No, it wasn't. NT4 was released in 1996. By that time, many people here on
/. had been exploiting bugs like that for 10 or 20 years already. Granted, mostly for fun or to cheat in (single-player) games, but still...NT4 already had a security architecture. There was a different place available (basically anywhere outside ring0) and it should have been put there, and it definitely should have been obvious to anyone with three grams of brains that stuff like this doesn't belong into ring0.
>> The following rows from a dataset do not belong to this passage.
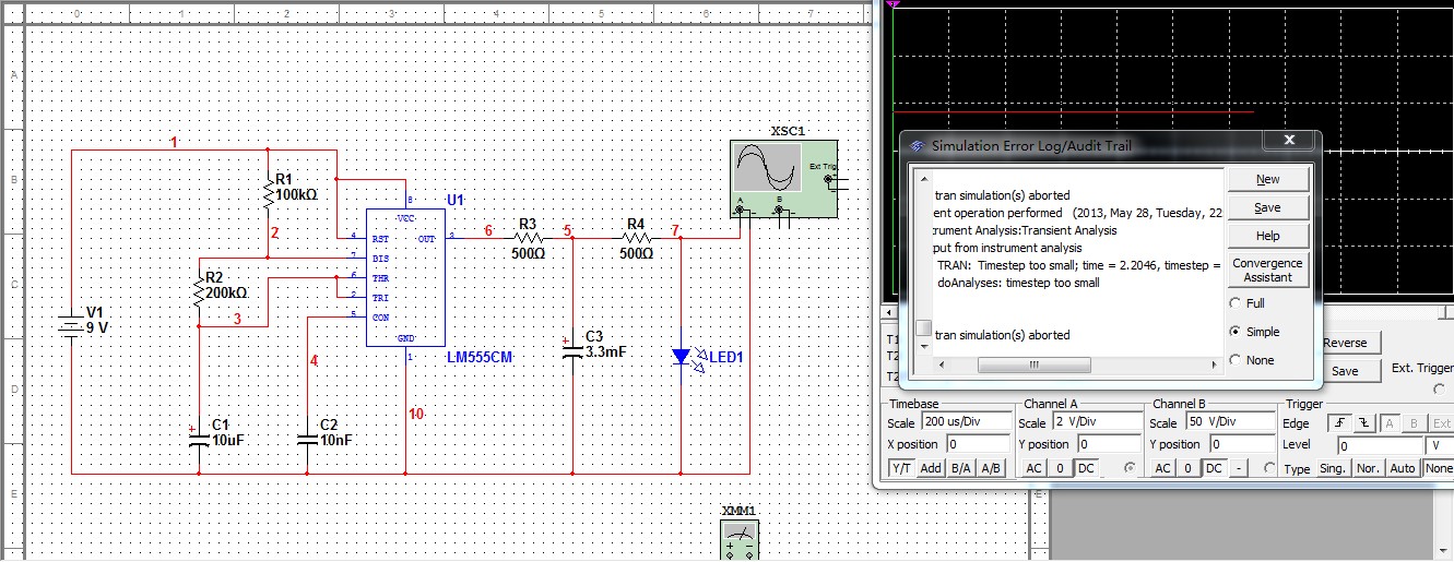 multisim模拟555组成的呼吸灯运行时总是出错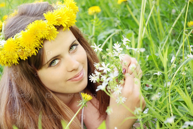 Девушка с венком на голове среди цветов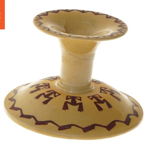 Fin lysestage med blomster mønster og guldkant, som leder tankerne hen på B&Gs Liselund stel, hvilket det ikke er.,... Stempel i bunden ( se sidste foto) brugtes som bevis på at lysestagen er porteret som blank vare (lys bund) og derefter "dekoreret i Danmark". Det man kan kalde "ikke -fabriks-objekt"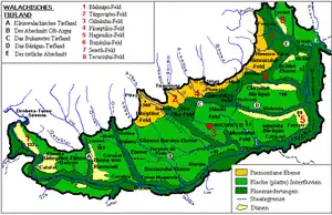 The Romanian Plain (Romanian: Câmpia Română)[1] is located in southern Romania and the easternmost tip of Serbia, where it is known as the Wallachian Plain (Serbian: Vlaška nizija/Влашка низија).[2] Part of the historical region of Wallachia, it is bordered by the Danube River in the east, south and west, and by the Getic Plateau in the north. Bucharest, the capital of Romania, is located in the central part of the Romanian Plain. It is contiguous to the south with the Danubian Plain (Bulgarian: Дунавска равнина), in Bulgaria. This area is also sometimes referred to as the Danubian Plain (Câmpia Dunării) in Romanian, though this designation is not specific, because the Danube flows through a number of plains along its course, such as the Hungarian Plain (which is called the Danubian Plain in Slovakia and Serbia), as well as the Bavarian Lowland, also called the Danubian Plain.

You however are making the assumption that everybody in Microsoft talks to each other. A most incorrect assumption. The reality is most likely that WinDiv (The division responsible for the OS) made the assumption that fonts would not be loaded from insecure sources, e.g. Word documents. The Office division however faced the problem of what do you do when some user uses a font that is not on another users system? So they made the decision to allow the embedding of fonts into the file format, along with a bunch of other really bad decisions in hindsight (remember the Melissa virus?) that would have been caught if they had had the same security reviews as WinDiv did. To compound the problem, Office used unpublished and most likely unhardened APIs (it probably still does in parts) that allowed it the capabilities to do things like on the fly font loading something that wasn't exposed to the rest of us until Windows 2000 (NT 5.0). My point being that at the time it WAS a safe decision as far as WinDiv was concerned. Should they have been a little more careful with those unpublished APIs... yes they should have, it would have prevented a lot of anti-trust issues, but they weren't. So here we are with yet another security bug.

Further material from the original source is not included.